И "зiрочка" светила ей. Она сразу сошлась с двумя товарками - обе не моложе двадцати пяти лет - и поселилась с ними в одной большой комнате. Хозяйка оказалась симпатичной старушкой и взялась кормить их. Жизнь обходилась Анне Тимофеевне дешево, но ей и нельзя было тратить много. Все ее ресурсы были в двадцати пяти рублях в месяц, которые положил ей Александр Георгиевич.
Первый год прошел исключительно в занятиях. Она работала до изнеможения. Ничего другого, кроме работы, она не хотела и знать. Каждой свободной минутой она пользовалась или для того, чтобы повторить выученное, или продумать все, что она услыхала за утра, или прочесть что-нибудь для пополнения скудной грамоты. Ее товарки то и дело звали ее проехаться в центр Петербурга или побегать недалеко от дома, но она упрямо отказывалась от всяких развлечений. Она бы бранила себя за бесплодно пролетевший час.
Было у нее еще одно дело, побочное,- исправление акцента. И этим делом она занималась с таким же рвением, позволяя смеяться над собой товаркам, а чаще всего прибегая за уроками к хозяйке квартиры.
На лето одна из товарок, что была помоложе, уехала к себе на родину. Жить стало бы немножко дороже, если бы хозяйка не сбавила плату. Вместе же с другой подругой Анна Тимофеевна все лето проработала при Обуховской больнице, жадно присматриваясь и прислушиваясь ко всему, что могло оказать ей пользу.

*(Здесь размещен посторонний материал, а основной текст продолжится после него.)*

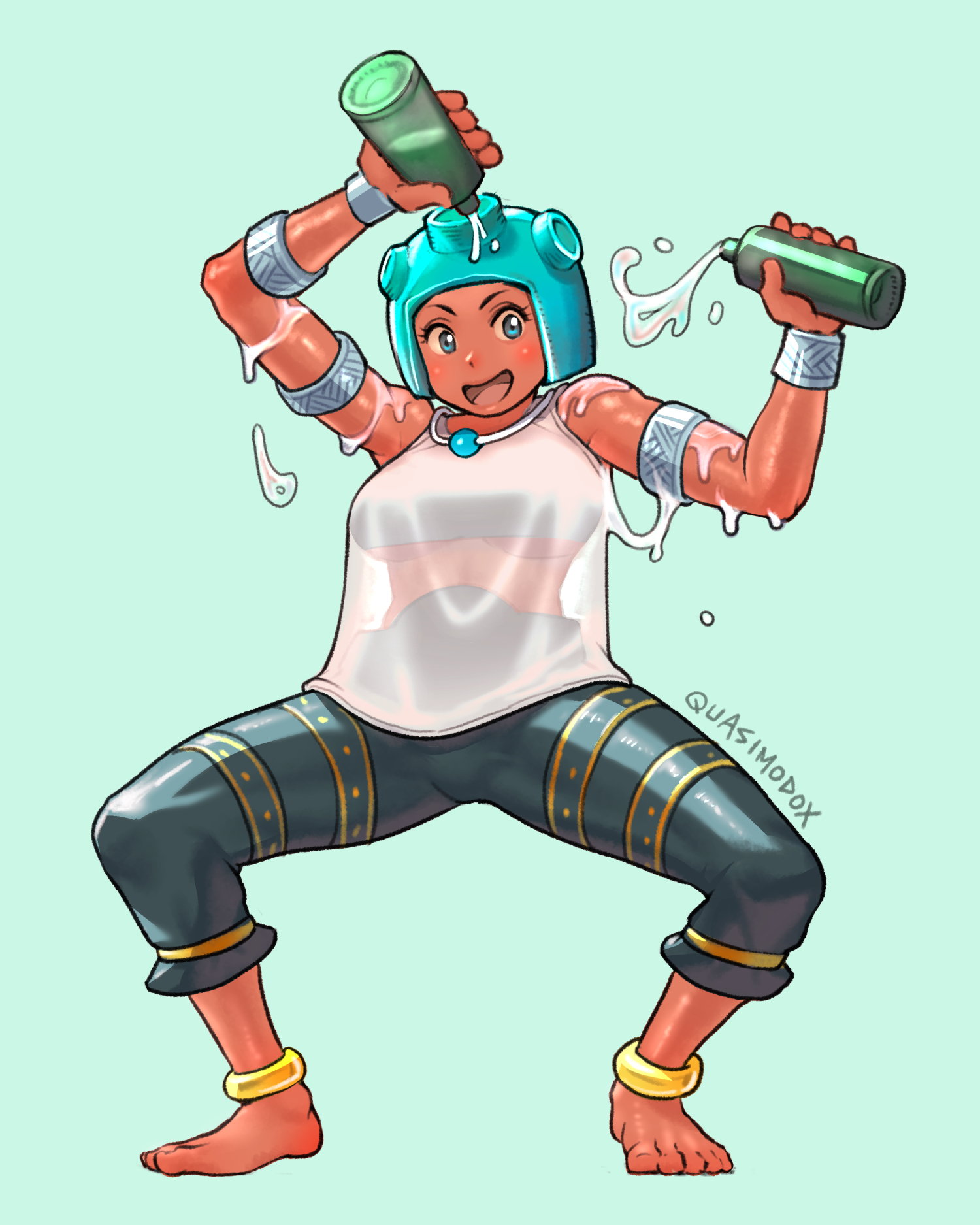 1girlaged upankletarmletbarefootblue hairbottlebraceletbreastsdark skindark-skinned femalejewelrylarge breastsnecklaceopen mouthpouringpouring onto selfsee-through clothessmilesolospread legstank topunderboobwetwet clothes

Прошло больше года, а Анна Тимофеевна и понятия не имела о настоящем Петербурге. До нее только долетали какие-то звуки. Шумный огромный город после небольшого степного хутора казался ей чем-то неземным, наполненным нечеловеческими существами. Она даже как будто побаивалась вглядеться в него. Точно он мог проглотить ее и она не успела бы осуществить свою мечту.
Хозяйка, одинокая женщина, любила поговорить с нею, так как Анна Тимофеевна искренно удивлялась всему, что слышала.
Но ко второму зимнему сезону она уже освоилась со своим пребыванием в столице и дала себя увезти несколько раз то в театр, то на вечеринки, устраиваемые в складчину. И на Петербург немножко посмотрела, причем ахала на каждом шагу. Не понимала громадных зданий, умилялась перед соборами, долго не могла постичь, как одна лошадь может везти большой экипаж, где сидит более сорока душ, и т. д.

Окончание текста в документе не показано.